Yes, you can provide an extension-to-content-type mapping, so you could load a .xml file as text/plain if you wanted to.

> Are any other steps implicated besides p:unarchive, and is this the same for them?

Any step that loads XML has the same parsing obligations. That’s at least p:load, p:document, p:unarchive, p:uncompress, p:http-request[*], p:cast-content-type, p:invisible-xml, and p:os-exec (with some options). (I just glanced through the list of steps, I might have missed some.)

[*] The p:http-request case is especially interesting because the obligations are on XProc if-and-only-if the server-asserted content type is an XML content type. That said, there’s override-content-type on p:http-request, so you work around a broken server if you need to.

> As a user, if I try unarchive on a file I don't actually want it to blow up when it can't parse the XML. I actually want to be able to pass around broken XML (even misnamed with an 'xml' suffix) if that's what I have. (Or to be more precise: when someone does this to me, I would rather be able to see the broken file, unzipped, before complaining.)

You can do that with override-content-types.

> In other words I'm not sure this is about finding DTDs as much as about the behavior of p:unarchive applied to zips with problematic contents.

I see your point, but I think it’s slightly different. Parsing the well-formed XML, ignoring the external subset, is much, much more useful most of the time, I would guess.

You might argue, of course, that it’s wrong. And if the document *contains* entity references, it is wrong. So maybe “do nothing” is the right answer.

Part of this is also tricky because you can control some aspects of the parser on the parser itself. If you’ve setup the XMLReader that you’re asking me to use, I get what the reader gives me.

> But a step that could read a zip file and report such errors on purported-XML contents might be quite useful!
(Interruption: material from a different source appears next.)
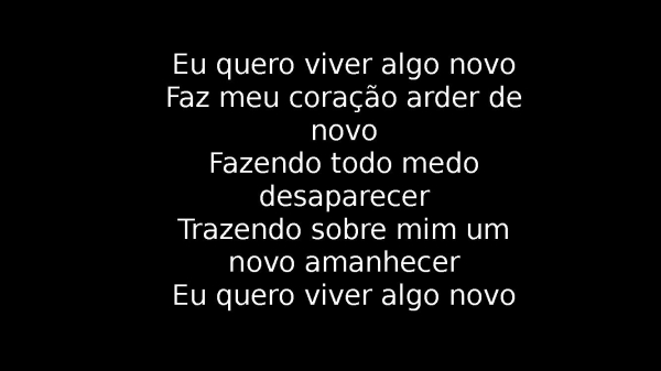 - Eu quero viver algo novoFaz meu coração arder de novoFazendo todo medo desaparecerTrazendo sobre mim um novo amanhecerEu quero viver algo novo(2x)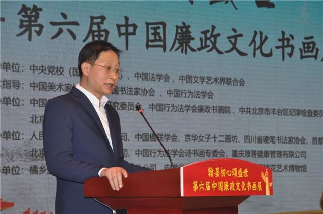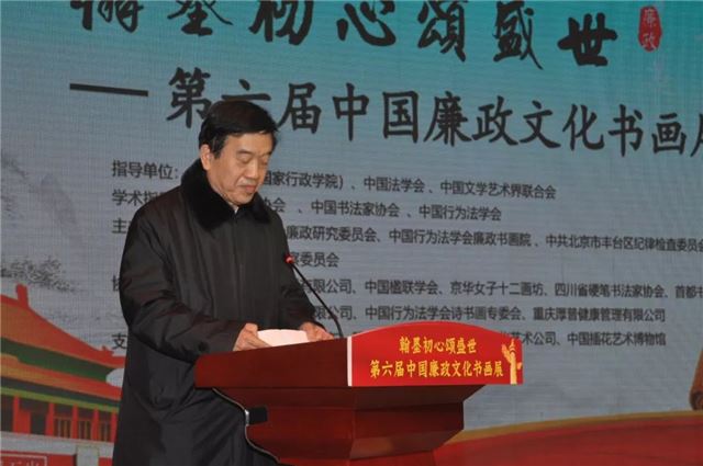 翰墨扬清风,丹青抒廉韵。在第16个“世界反腐败日”到来之际, 由中央党校(国家行政学院)、中国法学会、中国文学艺术界联合会作指导单位,中国美术家协会、中国书法家协会、中国行为法学会作学术指导,中国行为法学会廉政研究委员会、中国行为法学会廉政书画院、中共北京市丰台区纪委、北京市丰台区监察委联合主办,人民日报数字传播有限公司、首都书画院等单位协办的“第六届中国廉政文化书画展”,于2019年12月8日在中国插花艺术博物馆开幕。

Now I am going to think about that.

Off the top of my head, load them all as text files so that you can get them out of the archive in one piece, then do a for-each loop over them and use cast-content-type inside a try/catch to filter the wheat from the chaff.

                                        Be seeing you,
                                          norm

--
Norm Tovey-Walsh <ndw@nwalsh.com>
https://norm.tovey-walsh.com/

> I think it's much more interesting to live not knowing than have
> answers which might be wrong.--Richard Feynman

Received on Thursday, 4 December 2025 16:50:43 UTC